Considering the large number of bolts in bridge inspection, it is difficult to check whether the automatic inspection results are accurate manually. Therefore, the most important goal is to ensure the correct identification of bolt damage. Based on this, a two-stage bolt inspection method using an object detection network and a classification network was proposed, in which YOLO v5x was used to detect and segment bolts from preprocessed images. Then, efficientNet was applied to classify these segmented bolt images into normal bolts, corrosion bolts, and loose bolts.

Firstly, the bolt database established above was modified by changing the bolts originally labeled as “bolt”, “corrobolt”, and “loosebolt” into only one category labeled “bolt”; that is, the modified dataset contained only one category of the target. Then, a bolt classification dataset segmented from the three types of bolt datasets in Section 4.1 was assembled to be the training dataset for efficientNet. After that, YOLO v5x was trained again while keeping other parameters consistent, and the mAP was 0.997, which shows that almost all bolts could be detected correctly. The training of efficientNet was also conducted in the PyTorch framework. The number of training steps was 5000, the learning rate was 0.001, and the test accuracy was 0.993 after training, which was much higher than using YOLO v5x trained in Section 4.2. The P-R curve for YOLO v5x and accuracy for efficientNet during training are shown in Figure 12.

Figure 11c,d are the results of bolt damage detection using the proposed two-stage method for the same image with Figure 11a,b. The results show that the classification accuracy of bolt damage using the proposed two-stage method was much higher than that using the single network method.
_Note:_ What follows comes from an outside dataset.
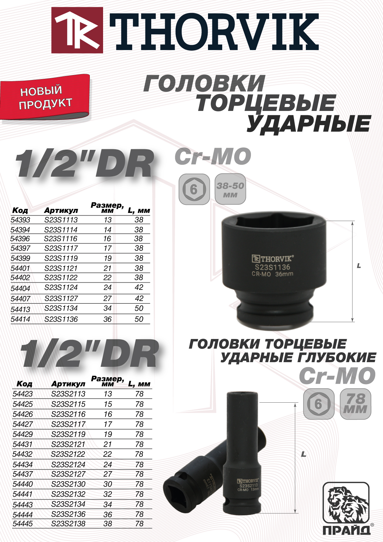S23S2136 Головка торцевая ударная глубокая 1/2"DR, 36 мм Thorvik

The accuracy was 98% for Figure 11c and 100% for Figure 11d. Where the accuracy was calculated by the proportion of the number of bolt damage classes predicted as correct to the total number of bolts for Figure 11a,b, the accuracy was calculated by multiplying the accuracy of bolt identification by the accuracy of bolt damage classification for Figure 11c,d. The accuracy of bolt identification is the ratio of the number of detected bolts to the total number of bolts. The accuracy of bolt classification is the ratio of the number of bolts correctly classified divided by the total number of bolts.

5. Filed Test on a Suspension Bridge

An in-service bridge was used as the test object to verify the practicability of the proposed method. This section introduces the test results of the proposed method on a suspension bridge. The inspected bolts were located at the bottom of the bridge and on the cable clamps.

5.1. Establishment of Bridge Bolt Dataset

The tested bridge was a pedestrian suspension bridge in the Huaian canal project. The bridge’s total length was 197.7 m, the middle span was 115.7 m, and the bridge deck was 2.7 m wide. The bridge deck was a vertical and horizontal channel steel structure with a total of 53 short transverse channels, five longitudinal channels, and 106 cable clamps. The bolts of interest in the test were the channel steel connecting bolts at the bottom of the bridge and the bolts on the cable clamp, including 371 channel steel connecting bolts and 742 cable clamp bolts. The bridge had been in service for 18 years, and some bolts had been loosened and corroded. However, the bridge was located above the canal, making it difficult to inspect them manually.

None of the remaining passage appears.